すると,ミーノスが無言でアイアコスの袖を引っ張った。
「っ!!」
ドガッ。
背後から一輝の飛びひざ蹴りが飛んできてアイアコスが吹っ飛ぶ番だった。
「あーいってぇなー,この野郎」
アイアコスは頭をさすった。
「何度も同じ技が通じるわけねぇってことだ」
「くそっ,ならこれはどうだ,ギャラクティカイリュージョン!!」
「鳳凰幻魔拳!!」
二つの技が拮抗した。
倒れたのはアイアコスの方だった。
「そんな…俺のギャラクティかイリュージョンが聞かないとはどんな頭だ」
一輝はもともとその気の毒な環境がら慢性的な頭痛持ちだったので,普段からひどい頭痛に悩まされているので多少の脳味噌のゆさぶりなどどうという事はなかったのだ。
「…さぁて残るは2人か」
一輝は残りのラダマンティスとミーノスを見た。
ミーノスはかわいそうに完全におびえきっている。
そのとき,一輝の足もとが大きく口を開き,一輝はその落とし穴の中に落ちた。
その落とし穴はラダマンティスとミーノスも知らなかったらしく,2人はびっくりして顔を見合った。
一輝は落とし穴に足を取られ,滑り台のようなものの上に載せられた。そしてそのまま滑り台に滑らされてどこかへ落とされていくのだった。

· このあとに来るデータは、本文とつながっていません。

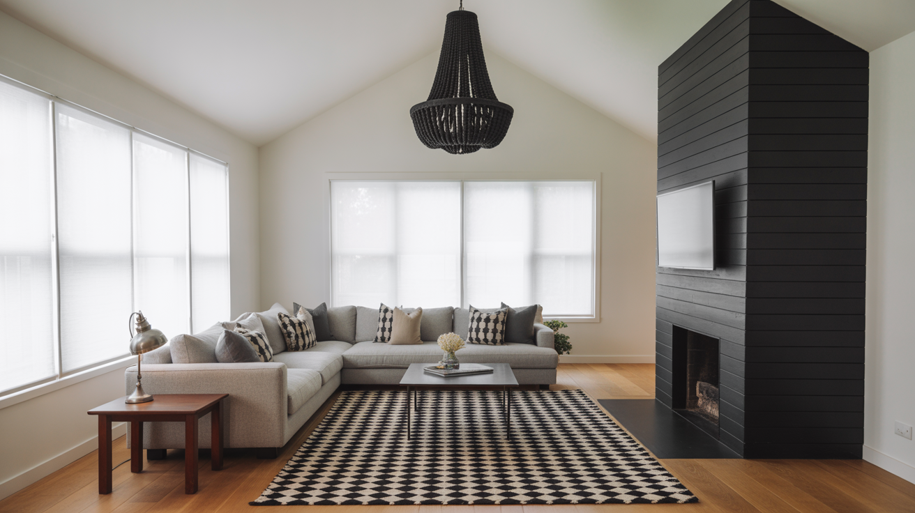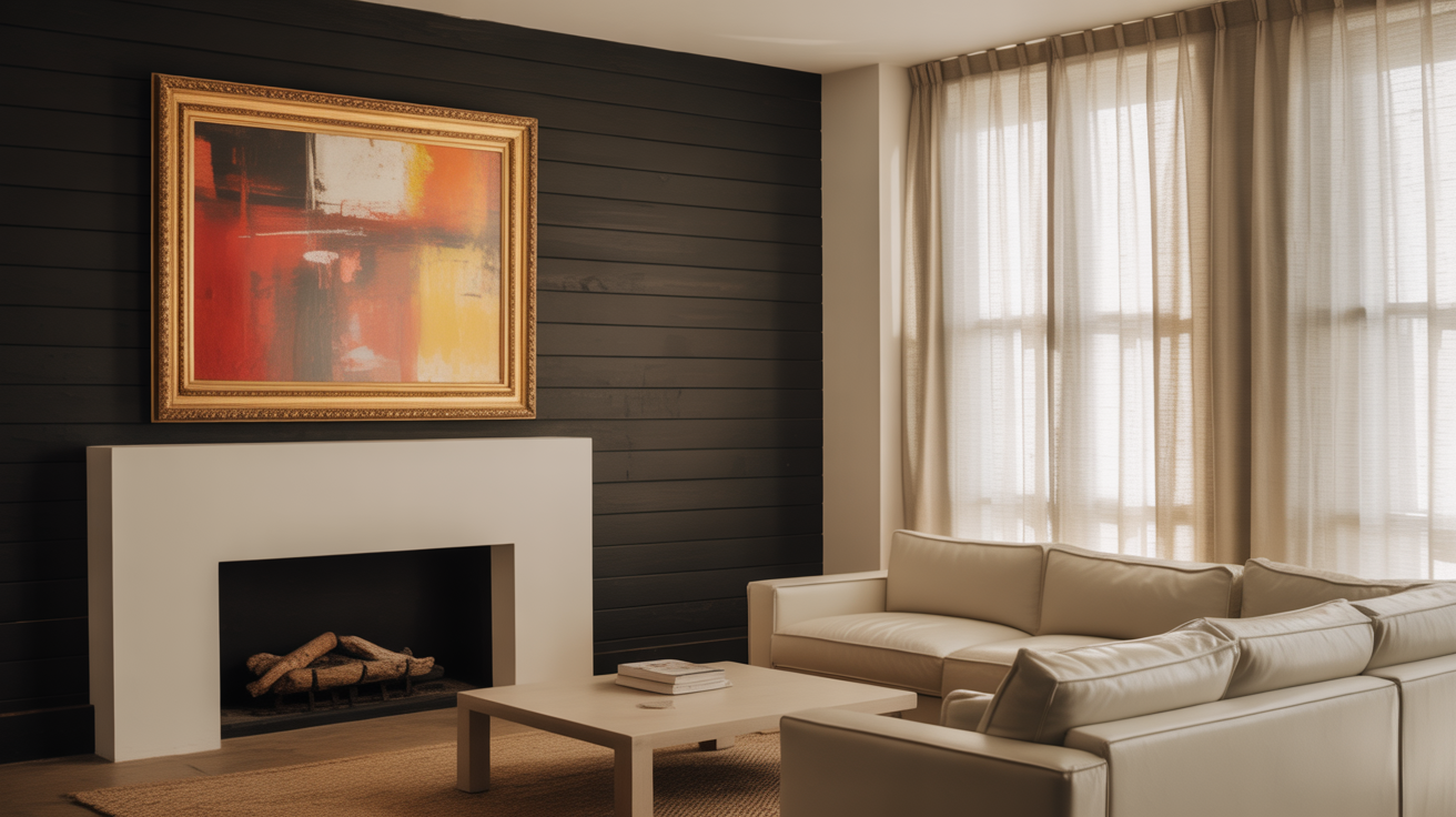 A black fireplace wall creates a dramatic visual impact that instantly draws attention to this spot. The deep, rich tone adds warmth while making the entire room feel more intimate and deliberately designed.
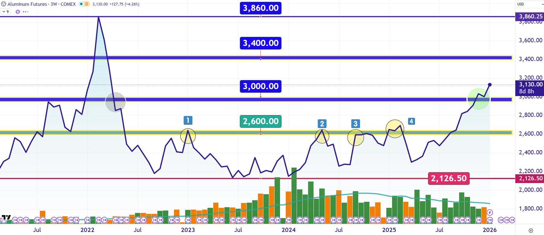 Η διεθνής αγορά αλουμινίου κινείται σε τιμές που ανεβάζουν αισθητά τον πήχη σε όλη την παραγωγική αλυσίδα. Το πρωτογενές μέταλλο διατηρείται πάνω από τα 3.100 δολάρια ανά τόνο, με πρόσφατη κορυφή στα 3.129 δολάρια και τις συναλλαγές να δείχνουν ότι αυτά τα επίπεδα δεν αποθαρρύνουν τους αγοραστές. Αντιθέτως, τους ανοίγουν τον δρόμο για υψηλότερες τιμές, προς το επίπεδο των 3.400 δολαρίων. Το τριεβδομαδιαίο διάγραμμα τιμών αποκαλύπτει ότι το αλουμίνιο έχει περάσει σε νέα ζώνη αποτίμησης, με τη δυναμική του να στηρίζεται ταυτόχρονα στο ενεργειακό κόστος, στα μεγάλα έργα υποδομών, στην ανάπτυξη που επιβάλλει η τεχνητή νοημοσύνη, στη βιομηχανία μεταφορών και αεροναυπηγικής, ενώ πλέον καθοριστικό ρόλο παίζει και η πράσινη ανακύκλωση μέσω των δευτερογενών κραμάτων.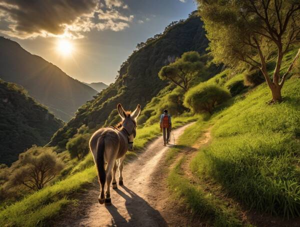 당나귀 등에서 즐기는 산과 계곡의 풍경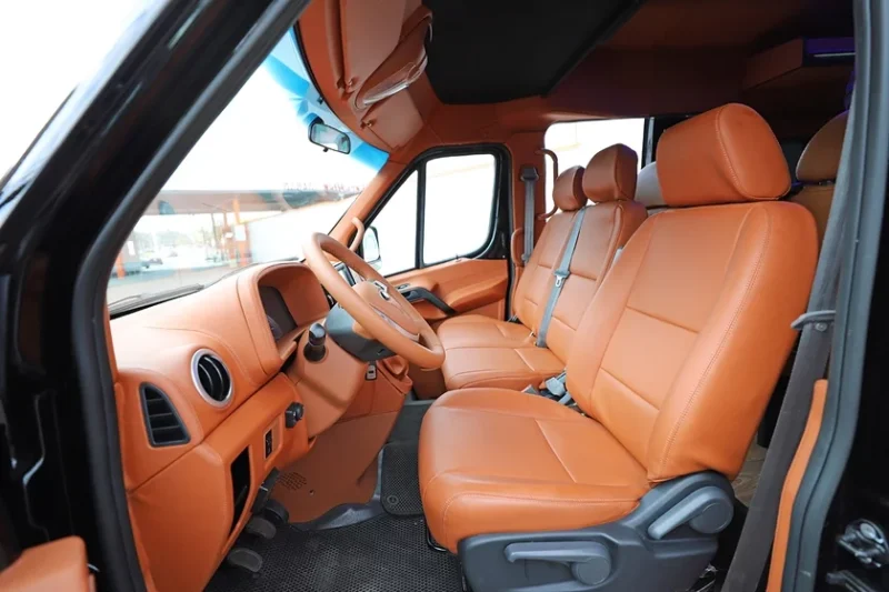 Просторный салон имеет 7 кожаных кресел повышенной комфортности с функцией откидывания назад, телевизор, систему сенсорного управления аудио и видео, откидной столик, полки для размещения личных вещей, USB-разъемы, подстаканники.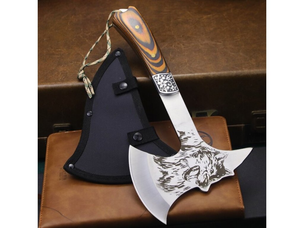 Sekera nůž sekera tomahawk sekera vlk pouzdro 32cmSekera je vyrobena z oceli vysoké tvrdosti.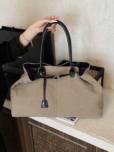 休闲大容量帆布包包女2025新款通勤百搭单肩腋下包撞色手提托特包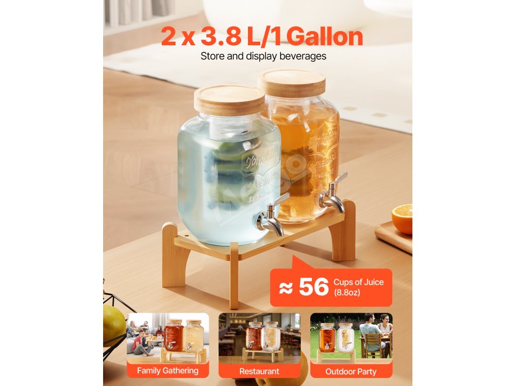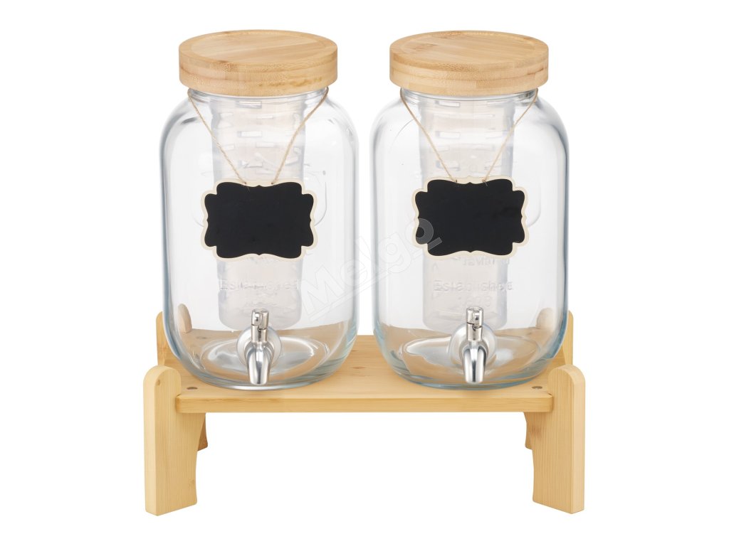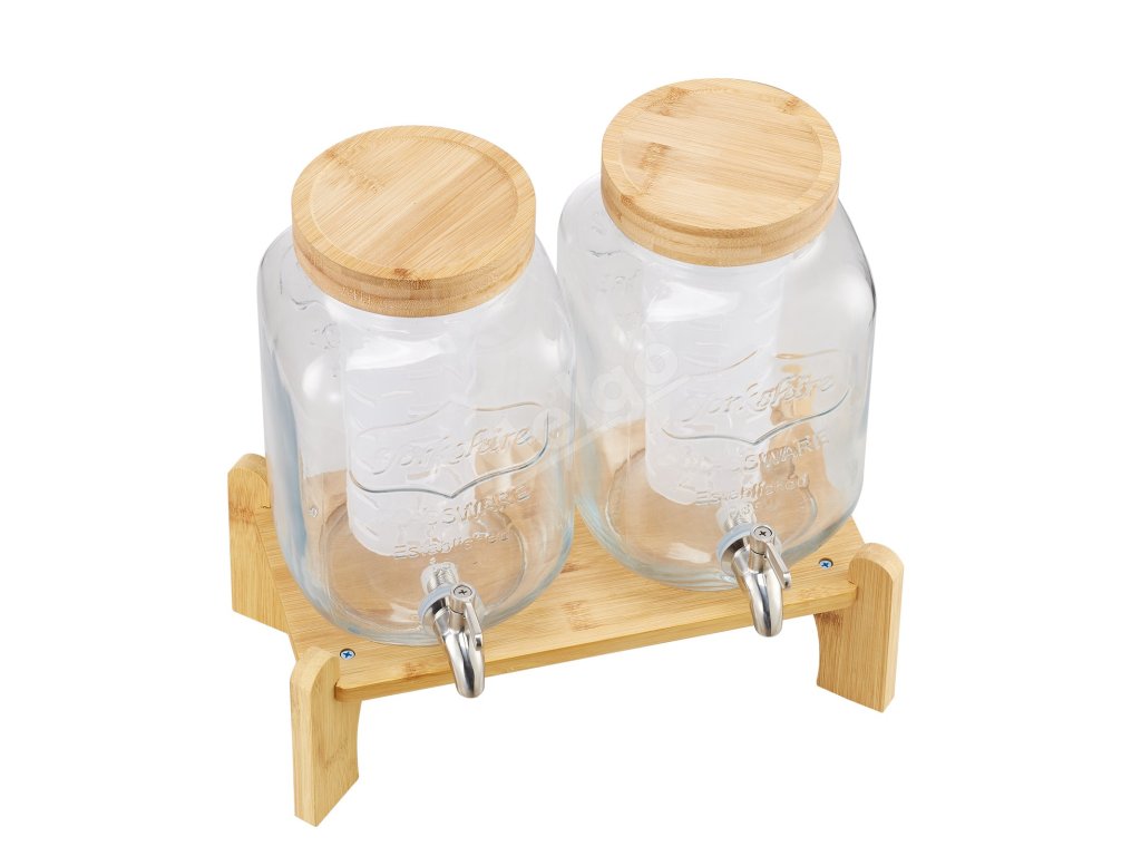 Sklenený dávkovač nápojov 2×3.8l s dreveným stojanom, nerezový kohútik

何も見えず暗闇の中,一輝は曲がりくねった滑り台を滑り落ちて行った。
 
 
その頃,地上では魔鈴とシャイナが聖域を警備していた。
今は使われていない金網で蓋をした井戸の前を通った時,どこからか声がする。
声は井戸の中から聞こえる。
2人は目くばせし合って井戸を覗き込んだ。
「おーい。おーい」
井戸の中から呼びかけてくる。
魔鈴もシャイナも警戒して井戸に身を乗り出して声をかけた。
「お前は誰だ」
シャイナは暗闇に向かって怒鳴った。
「その声は蛇つかい座のシャイナかい?」
井戸の中から聞いたことのある声が聞こえた。
「私を知ってるの?そういうお前は誰だい」
「僕だ。僕だよ。君と同じ白銀聖闘士の琴座のオルフェだよ」
シャイナは自分と同じ白銀聖闘士で行方不明になっていた人間を思い出した。
「女子供も一緒なんだ。僕一人じゃ出られない。頼む,ここから引っ張り上げてくれ」
魔鈴は無言でその場を立ち去り,ほどなくして力持ちの青銅聖闘士を連れてきた。
力持ちの大熊座の檄や小獅子座の蛮が来てロープで引っ張り上げた。
オルフェは元の体に戻ったユリティースとファラオを連れていた。
「なんだ,このガキは冥闘士じゃないか」
シャイナがファラオの冥衣を疑わしそうに見た。
「大丈夫だ,この子は向こうでできた僕の弟分のようなもんだ。まだ15歳でね,瞬と星矢に怒られてもう悪さはできないよ。それより僕の話を聞いてくれ」
オルフェが言ったので,魔鈴が,
「しょうがない」
と言った。
「魔鈴」
シャイナがびっくりして魔鈴を振り返ると,
「いいじゃないか。オルフェが保証するって言うんなら。貴鬼の子守りでもさせれば私は助かるけど」
と魔鈴が言った。
オルフェは魔鈴やシャイナ,他の青銅聖闘士達に星矢達の事を話した。
「そうか,星矢達は無事にハーデスに近づいてるんだね」
シャイナは仮面をつけて表情は分からないが安堵しているようだった。
「うん,きっと彼らはやってくれるよ。僕にはそんな気がする」
オルフェは遠くかなたの空を見て言った。